_Problem requirements_. Your answer should be the lines below from the one with "(1)よい姿勢(2)正しいえ" to the one with "BUROGARO Mens White", both included, given again exactly and with nothing added.
▽
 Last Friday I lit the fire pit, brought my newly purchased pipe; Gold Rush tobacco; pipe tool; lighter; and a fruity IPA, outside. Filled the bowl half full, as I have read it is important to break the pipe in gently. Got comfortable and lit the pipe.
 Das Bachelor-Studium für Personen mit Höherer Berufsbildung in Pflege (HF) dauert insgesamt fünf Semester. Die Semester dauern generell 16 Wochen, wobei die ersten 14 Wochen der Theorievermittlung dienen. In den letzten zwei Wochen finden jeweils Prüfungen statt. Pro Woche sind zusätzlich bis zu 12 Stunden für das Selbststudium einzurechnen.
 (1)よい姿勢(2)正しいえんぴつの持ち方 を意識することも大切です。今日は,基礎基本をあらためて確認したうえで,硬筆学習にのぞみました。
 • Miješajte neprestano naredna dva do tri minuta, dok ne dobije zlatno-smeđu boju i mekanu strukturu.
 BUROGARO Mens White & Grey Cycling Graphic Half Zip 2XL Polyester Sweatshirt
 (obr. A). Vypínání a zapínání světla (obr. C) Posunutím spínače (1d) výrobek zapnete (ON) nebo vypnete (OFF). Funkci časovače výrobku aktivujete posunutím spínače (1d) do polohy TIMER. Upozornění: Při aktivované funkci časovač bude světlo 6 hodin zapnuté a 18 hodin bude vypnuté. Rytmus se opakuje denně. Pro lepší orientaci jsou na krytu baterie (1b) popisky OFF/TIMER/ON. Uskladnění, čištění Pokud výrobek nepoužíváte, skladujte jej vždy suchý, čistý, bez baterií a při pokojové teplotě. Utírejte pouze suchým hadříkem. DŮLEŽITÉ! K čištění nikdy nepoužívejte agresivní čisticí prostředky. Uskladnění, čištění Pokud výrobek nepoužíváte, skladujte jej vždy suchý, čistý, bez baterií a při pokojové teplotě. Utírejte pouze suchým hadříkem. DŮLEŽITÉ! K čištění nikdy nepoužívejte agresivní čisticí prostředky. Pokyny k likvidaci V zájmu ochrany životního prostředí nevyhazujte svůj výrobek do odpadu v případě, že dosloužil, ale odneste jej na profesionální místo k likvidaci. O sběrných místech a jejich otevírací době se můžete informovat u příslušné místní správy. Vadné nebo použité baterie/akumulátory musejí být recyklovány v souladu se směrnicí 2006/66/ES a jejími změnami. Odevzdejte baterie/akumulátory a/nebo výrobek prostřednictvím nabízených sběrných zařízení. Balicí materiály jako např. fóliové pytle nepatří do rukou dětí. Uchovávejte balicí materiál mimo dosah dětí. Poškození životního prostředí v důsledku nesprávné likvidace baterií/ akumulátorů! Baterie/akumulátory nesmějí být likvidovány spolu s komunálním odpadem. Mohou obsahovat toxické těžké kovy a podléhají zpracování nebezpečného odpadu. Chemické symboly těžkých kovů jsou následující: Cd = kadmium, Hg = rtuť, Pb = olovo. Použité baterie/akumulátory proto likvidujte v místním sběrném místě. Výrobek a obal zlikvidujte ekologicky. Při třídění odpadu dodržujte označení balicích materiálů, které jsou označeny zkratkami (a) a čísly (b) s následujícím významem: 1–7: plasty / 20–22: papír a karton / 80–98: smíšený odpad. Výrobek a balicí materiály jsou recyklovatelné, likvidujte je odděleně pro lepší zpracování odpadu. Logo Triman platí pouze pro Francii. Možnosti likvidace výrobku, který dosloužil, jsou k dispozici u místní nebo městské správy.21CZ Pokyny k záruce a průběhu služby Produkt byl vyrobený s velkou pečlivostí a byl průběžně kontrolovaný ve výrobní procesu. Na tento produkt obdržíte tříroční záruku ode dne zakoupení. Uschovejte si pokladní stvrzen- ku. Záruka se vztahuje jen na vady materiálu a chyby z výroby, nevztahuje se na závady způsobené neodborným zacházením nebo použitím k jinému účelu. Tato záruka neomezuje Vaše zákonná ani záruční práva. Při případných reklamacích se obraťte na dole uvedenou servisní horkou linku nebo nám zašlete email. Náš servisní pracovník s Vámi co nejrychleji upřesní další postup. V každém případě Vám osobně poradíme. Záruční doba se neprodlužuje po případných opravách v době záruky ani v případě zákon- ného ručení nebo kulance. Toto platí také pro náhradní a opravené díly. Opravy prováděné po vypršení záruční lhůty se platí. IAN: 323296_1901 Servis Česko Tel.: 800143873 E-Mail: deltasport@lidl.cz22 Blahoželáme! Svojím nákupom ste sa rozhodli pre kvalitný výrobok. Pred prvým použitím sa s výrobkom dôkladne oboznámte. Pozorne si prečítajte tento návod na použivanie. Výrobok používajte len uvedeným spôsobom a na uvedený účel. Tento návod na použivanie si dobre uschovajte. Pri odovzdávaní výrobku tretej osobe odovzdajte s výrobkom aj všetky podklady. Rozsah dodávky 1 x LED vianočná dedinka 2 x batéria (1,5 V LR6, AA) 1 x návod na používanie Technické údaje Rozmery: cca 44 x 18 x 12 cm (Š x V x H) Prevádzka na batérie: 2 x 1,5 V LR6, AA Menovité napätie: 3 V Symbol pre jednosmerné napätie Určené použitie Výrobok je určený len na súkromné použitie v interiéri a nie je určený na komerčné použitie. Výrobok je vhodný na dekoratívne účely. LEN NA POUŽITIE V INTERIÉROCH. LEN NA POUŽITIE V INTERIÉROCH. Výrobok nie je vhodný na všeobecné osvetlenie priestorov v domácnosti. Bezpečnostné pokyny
△
_Written response_.
 (1)よい姿勢(2)正しいえんぴつの持ち方 を意識することも大切です。今日は,基礎基本をあらためて確認したうえで,硬筆学習にのぞみました。
 • Miješajte neprestano naredna dva do tri minuta, dok ne dobije zlatno-smeđu boju i mekanu strukturu.
 BUROGARO Mens White & Grey Cycling Graphic Half Zip 2XL Polyester Sweatshirt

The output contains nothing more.